_TASK GOAL:_ Within the records below, repeat each line exactly but keep every picture out of the copy.

****

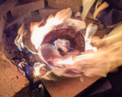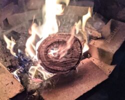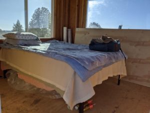 I cut up Brussels sprouts and turkey bacon and got that going in the cast iron. Mike still couldn’t get his magic radio to work up there, but it was OK. The talk of the day, the smells, the sounds, the good vibes carried the evening. Mike retired shortly after dinner and I dumped the coals into the fire pit and got a rager going. The fire felt great. I couldn’t last until the fire died down, so I doused it and put the lid over it. I slept well for the first time in the new bed with the nice headboard. No middle of the night poopy and many good dreams.
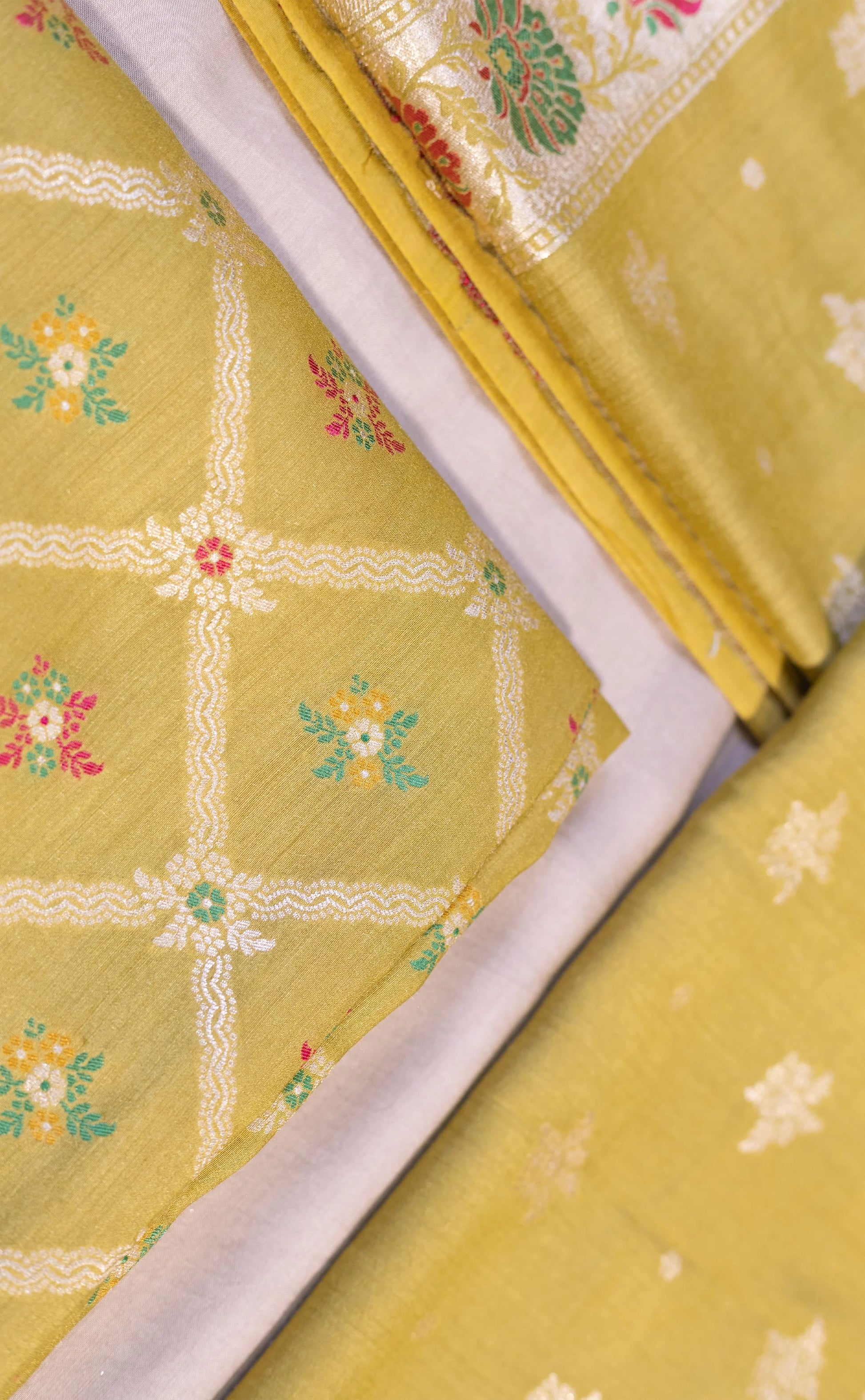 Minakari Kardwa Buta Chaniya Silk Suit Set
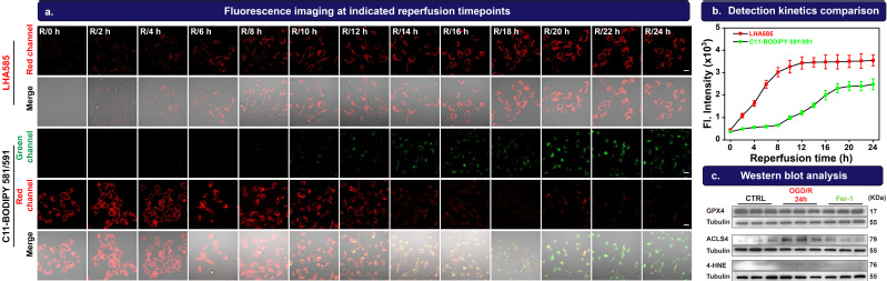 图2:LHA585和金标准探针对OGD/R细胞模型中铁死亡的检测能力比较。
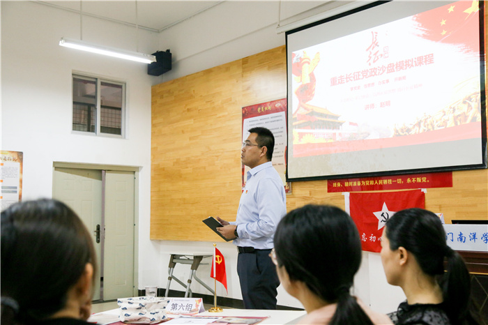 为推动党史学习教育向深处发展,引导全校党务干部牢记革命精神、传承红色记忆,今日(7月8日)上午,我校在学生活动中心307室举行党务干部培训会。厦门大学经济学院特聘讲师、党史沙盘专家赵明受邀来校作“重走长征党政沙盘模拟”课程培训。党委书记施水成出席培训会,全体党务干部参加培训。
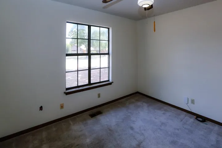 Great Value! This sturdy brick home is located in an established neighborhood, has 2 living areas, a spacious dining and kitchen and a 2 car garage! The front living room has a picture window, a wood burning fireplace and newer laminate flooring. The dining and kitchen are built for entertaining! Lots of counter space and a fabulous pantry space. The den is super cozy with paneled walls, a wood stove, and sliding glass doors leading to the covered patio. The bedrooms and baths are located on the south side of the home. The primary suite has an open vanity and a newer accessible walk-in shower. The fenced-in back yard has a water feature and an outbuilding. Most of the rooms have fresh paint! The home has been professionally cleaned and is ready to move in.
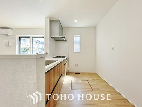 夫婦そろってキッチンに立っても調理がしやすく余裕の広さ。家事をしながら会話も弾みます。
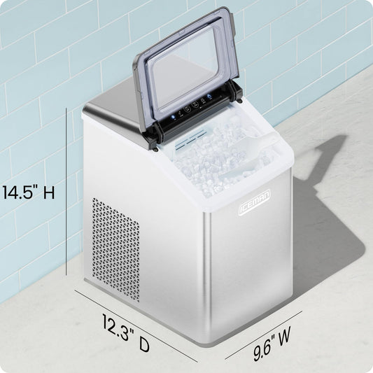 Iceman Pebble Ice Machine, Countertop Nugget Ice Maker Produces Chewable Pellet Ice in 20 Minutes, Makes 33lbs/Day, with One-Touch Cleaning Function and Ice Scoop/Basket Included – Stainless Steel

****

_REPLY TO THE EXERCISE:_
 I cut up Brussels sprouts and turkey bacon and got that going in the cast iron. Mike still couldn’t get his magic radio to work up there, but it was OK. The talk of the day, the smells, the sounds, the good vibes carried the evening. Mike retired shortly after dinner and I dumped the coals into the fire pit and got a rager going. The fire felt great. I couldn’t last until the fire died down, so I doused it and put the lid over it. I slept well for the first time in the new bed with the nice headboard. No middle of the night poopy and many good dreams.
 Minakari Kardwa Buta Chaniya Silk Suit Set
 图2:LHA585和金标准探针对OGD/R细胞模型中铁死亡的检测能力比较。
 为推动党史学习教育向深处发展,引导全校党务干部牢记革命精神、传承红色记忆,今日(7月8日)上午,我校在学生活动中心307室举行党务干部培训会。厦门大学经济学院特聘讲师、党史沙盘专家赵明受邀来校作“重走长征党政沙盘模拟”课程培训。党委书记施水成出席培训会,全体党务干部参加培训。
 Great Value! This sturdy brick home is located in an established neighborhood, has 2 living areas, a spacious dining and kitchen and a 2 car garage! The front living room has a picture window, a wood burning fireplace and newer laminate flooring. The dining and kitchen are built for entertaining! Lots of counter space and a fabulous pantry space. The den is super cozy with paneled walls, a wood stove, and sliding glass doors leading to the covered patio. The bedrooms and baths are located on the south side of the home. The primary suite has an open vanity and a newer accessible walk-in shower. The fenced-in back yard has a water feature and an outbuilding. Most of the rooms have fresh paint! The home has been professionally cleaned and is ready to move in.
 夫婦そろってキッチンに立っても調理がしやすく余裕の広さ。家事をしながら会話も弾みます。
 Iceman Pebble Ice Machine, Countertop Nugget Ice Maker Produces Chewable Pellet Ice in 20 Minutes, Makes 33lbs/Day, with One-Touch Cleaning Function and Ice Scoop/Basket Included – Stainless Steel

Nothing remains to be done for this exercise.